Mastering Mesos
上QQ阅读APP看书,第一时间看更新

The architecture of Mesos

Mesos is an open-source platform for sharing clusters of commodity servers between different distributed applications (or frameworks), such as Hadoop, Spark, and Kafka among others. The idea is to act as a centralized cluster manager by pooling together all the physical resources of the cluster and making it available as a single reservoir of highly available resources for all the different frameworks to utilize. For example, if an organization has one 10-node cluster (16 CPUs and 64 GB RAM) and another 5-node cluster (4 CPUs and 16 GB RAM), then Mesos can be leveraged to pool them into one virtual cluster of 720 GB RAM and 180 CPUs, where multiple distributed applications can be run. Sharing resources in this fashion greatly improves cluster utilization and eliminates the need for an expensive data replication process per-framework.
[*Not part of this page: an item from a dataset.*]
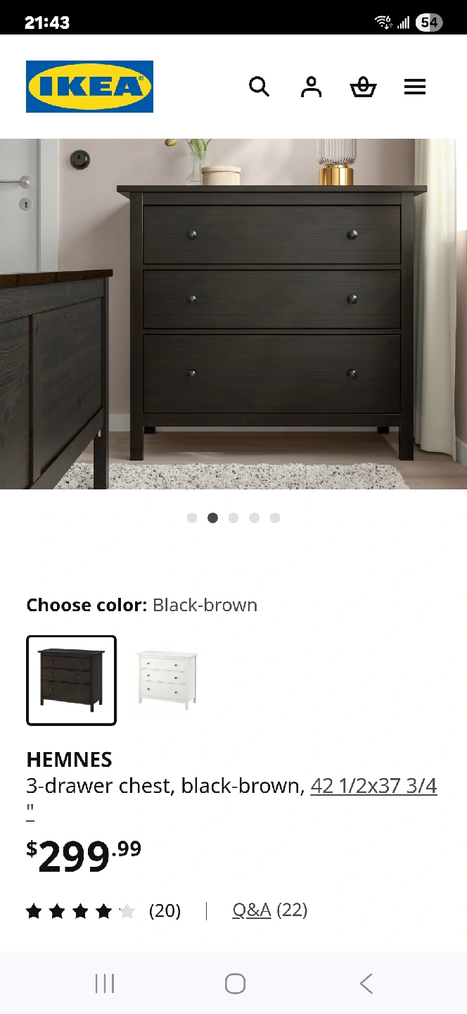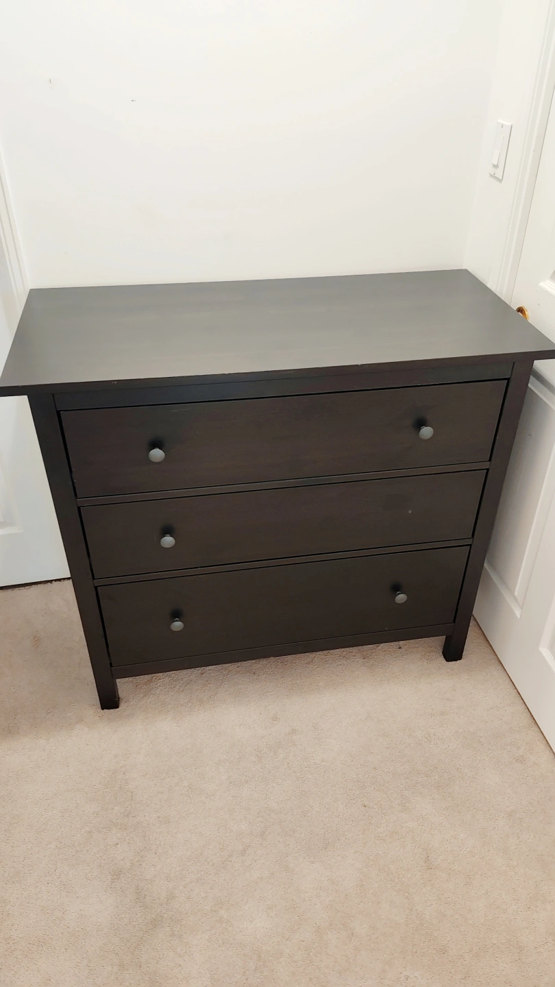 311like New IKEA Hemnes 3-drawer chest in black-brown! It's in great shape and ready for a new home. The dimensions Width: 42 1/2 " Depth: 19 5/8 " Height: 37 3/4 " Drawer depth (inside): 16 7/8 " Height under furniture: 4 3/8 " Storage capacity: 6.1 cu.ft Drawer pull-out: 9 7/8 Originally bought for $299.99+ Tax Moving Sale

Some of the important features of Mesos are:

  • Scalability: It can elastically scale to over 50,000 nodes
  • Resource isolation: This is achieved through Linux/Docker containers
  • Efficiency: This is achieved through CPU and memory-aware resource scheduling across multiple frameworks
  • High availability: This is through Apache ZooKeeper
  • Monitoring Interface: A Web UI for monitoring the cluster state

Mesos is based on the same principles as the Linux kernel and aims to provide a highly available, scalable, and fault-tolerant base for enabling various frameworks to share cluster resources effectively and in isolation. Distributed applications are varied and continuously evolving, a fact that leads Mesos design philosophy towards a thin interface that allows an efficient resource allocation between different frameworks and delegates the task of scheduling and job execution to the frameworks themselves. The two advantages of doing so are:

  • Different frame data replication works can independently devise methods to address their data locality, fault-tolerance, and other such needs
  • It simplifies the Mesos codebase and allows it to be scalable, flexible, robust, and agile

Mesos' architecture hands over the responsibility of scheduling tasks to the respective frameworks by employing a resource offer abstraction that packages a set of resources and makes offers to each framework. The Mesos master node decides the quantity of resources to offer each framework, while each framework decides which resource offers to accept and which tasks to execute on these accepted resources. This method of resource allocation is shown to achieve a good degree of data locality for each framework sharing the same cluster.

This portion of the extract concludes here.